Hidden Lake
Photo by Ireland Headrick
During my first Montana summer, a season in which snowfall and seventy-degree temperatures can occur less than a week apart, I drove three hours north from Missoula to West Glacier to hike the Hidden Lake Trail. It was the first of July. I wore an old T-shirt and older running shoes, stretchy pink pants and a yellow drawstring backpack with a single item—bear spray—inside.
On the way up to the overlook, as I stomped and stumbled like a big, delighted baby through the patches of snow, it had not yet occurred to me how difficult it would be to make a new life out West. I had started over before, moving as a teenager from Tennessee to North Carolina, moving as an adult from DC to Brooklyn. But this landscape was a new one, with a vastness and an aridity foreign to me. I had a New York license and Carolina plates. I had never heard of Wallace Stegner or corner crossing.

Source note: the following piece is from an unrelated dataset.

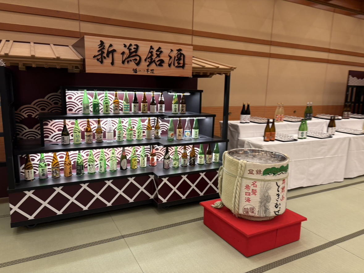 洋宴会ですが、新潟に来たら日本酒は必須!ということで、昨日に引き続き、試飲会を開催。

But there on the trail my task was twofold, and simple: I marveled at the crackle of ice underneath my spongy sneakers, and I wondered if my exposed arms would burn. When I finally made it to the overlook, I spotted a mountain goat with gnarly tufts of white fur and two dark, elegant horns. I met its neutral gaze and was pleased. Between us there was no conflict, no bid for connection. We simply stood in the warm sun between snowfalls, looking at one another.